Friday, December 29, 2006

Better than I

Some of the people that I read I do so because they're good at ferreting out nuggets of information that I miss. Some I read because they're so damn funny, some I read just to learn new insults. And there are some I read simply because they are able to take what seems to be plain information and put it in such a way as to make it crystal clear. Bill Whittle. Kim du Toit. And the reason for this post, Francis W. Porretto.

Threats to Americans' well-being, our freedoms, and our accustomed ways are multiplying all around us. Our unease, compounded from weaponlessness and uncertainty, grows in proportion.
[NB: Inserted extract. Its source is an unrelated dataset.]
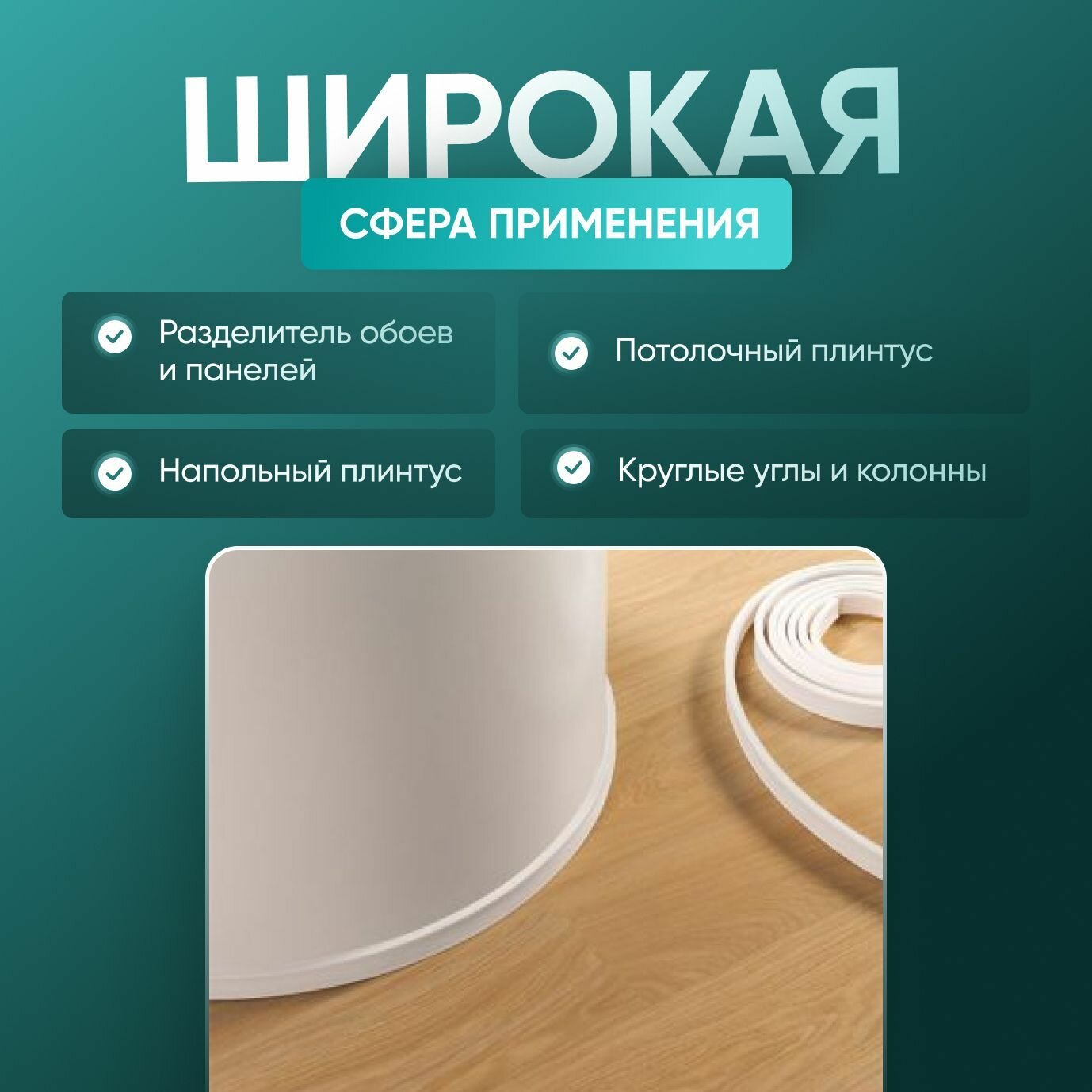 СохранитьПлинтус гибкий напольный самоклеящийся, 3000х95 мм, 1 шт, белый интересное:

Scant wonder that so many are so angry about federal inaction over border control, the nonexistent tracking of foreign visitors, the vacillations and switchbacks in our policies toward Iran, Syria, Saudi Arabia, and North Korea, and our seeming flaccidity toward Muslim propaganda against us. We are being made to fear outcomes that seem ever more likely with the passage of time.

Worst of all aspects of these fears is that we know, at some level, that the ultimate confrontations with the things we fear cannot be averted -- and that those burdens will not be borne by the forces of the State, but by us private persons whom the State has striven to render defenseless. For the threats of our time are diffuse threats, potentially omnipresent, modulated by individuals and small groups. That's the salient property of both "gradualist oppression" and "low-intensity warfare."

A diffuse threat can only be met with a diffuse defense: a people in arms.


I discovered Mr. Porretto some years ago, and I continue to read his blog on a regular basis. He's on the blogroll. And I would suggest to each and every one of you that you go read his latest essay.